How many times have you heard that line in a movie or on TV? Has it been used on you? By a parent? A teacher? A police officer?

Anyone who says that to you considers himself the boss of you.

Anyone who says this to you has in that moment expressed his unmistakable intention to treat you as his property.

Anyone who says that deserves to be told — if you have the wherewithal to say it — “How would you even know? What are you, a fucking mind reader?”

Not even think about it?

Thinking is what makes us human.

Thinking is what makes us conscious.

Thinking is what makes us — in an existence so big that even trying to think about it makes me dizzy — that we’re worth the trouble to raise us up.

Telling you not to even think is the worst thing one person can say to another person.
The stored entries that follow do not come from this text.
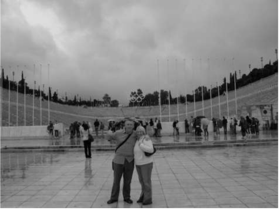
The Panathenaic Stadium Athens Greece
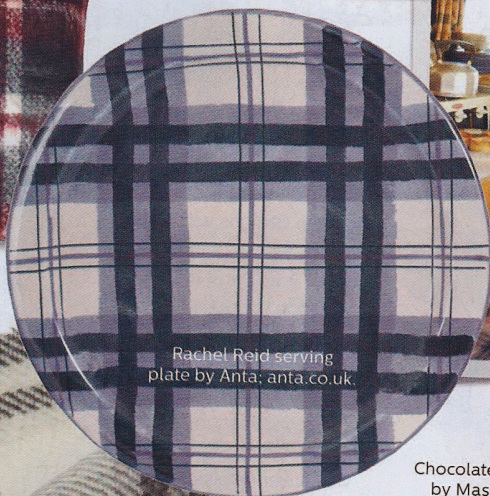
Rachel Reid serving plate by Anta; anta.co.uk.
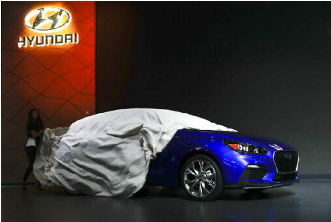
The Hyundai Elantra GT N Line debuts during media previews for the North American International Auto Show in Detroit, Monday, Jan. 14, 2019.
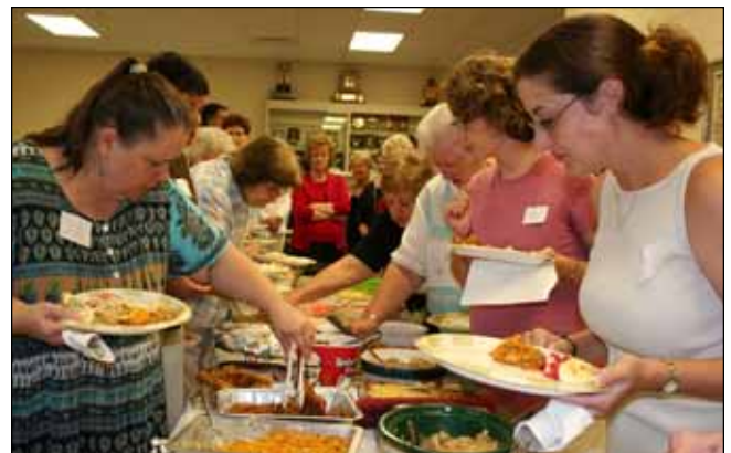
Fabulous food and friendships are two great reasons to participate in Altar Society!
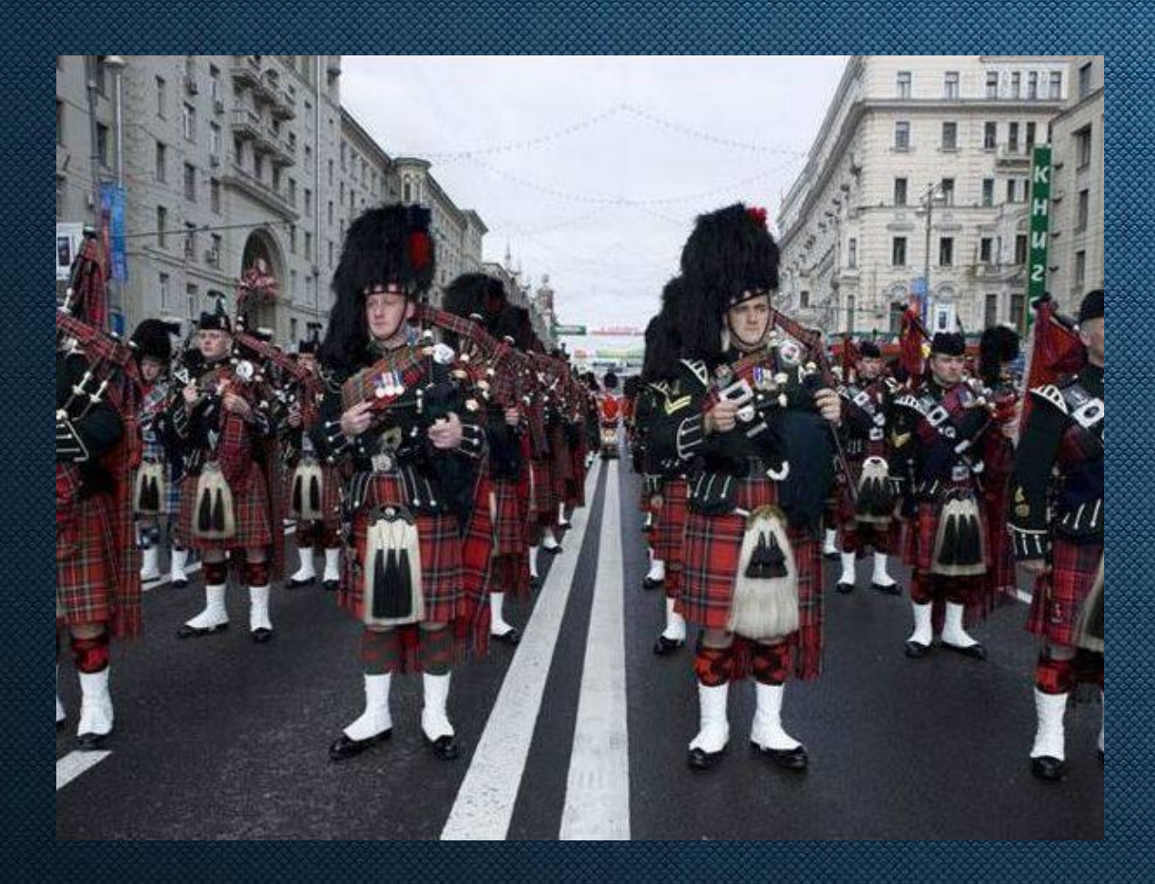
There are still many countries where wearing a kilt, but they're almost the same

It’s worse than all two hundred words you can’t say television put together. It’s worse than “I hate you.”

Yet parents do it. Older brothers and sisters do it. Priests and preachers do it. Teachers do it. Coaches do it. Cops do it. Marine Drill Instructors do it. Gangsters do it. Prison Guards do it. Judges do it. And TV game-show hosts pretending to be Judges do it.

“Don’t even think about it” are the definitive words used to bully. There is always an “Or else” attached to that sentence, even if it’s not said aloud.

“Don’t even think about it, or else there will be no TV for a month!” “Don’t even think about it, or I’ll tell!” “Don’t even think about it, or you’ll go to Hell!” “Don’t even think about it, or I’ll see you in Detention!” “Don’t even think about it, or you’ll spend the next game on the bench!” “Don’t even think about it, or I’ll drop you!” “Don’t even think about it, or you can clean the latrine with a toothbrush!” “Don’t even think about it, or I’ll whack you!” “Don’t even think about it, or it’s solitary for you!” “Don’t even think about it, or I’ll find you in contempt!” And “Don’t even think about it, or I’ll go to commercial!”

George Orwell — in his novel Nineteen-eighty-four — expressed “Don’t Even Think About It!” as “thought crime.” He may have made up the phrase “thought crime” but he didn’t make up the idea behind it, because “Don’t Even Think About It!” is the signature of every dictator and every cult leader.

If there’s a standard interpretation of any Biblical passage that I despise more than any other, it’s interpreting Matthew 5:7:28 — “But I say unto you, That whosoever looketh on a woman to lust after her hath committed adultery with her already in his heart” — as saying if you think something you’re already guilty of it.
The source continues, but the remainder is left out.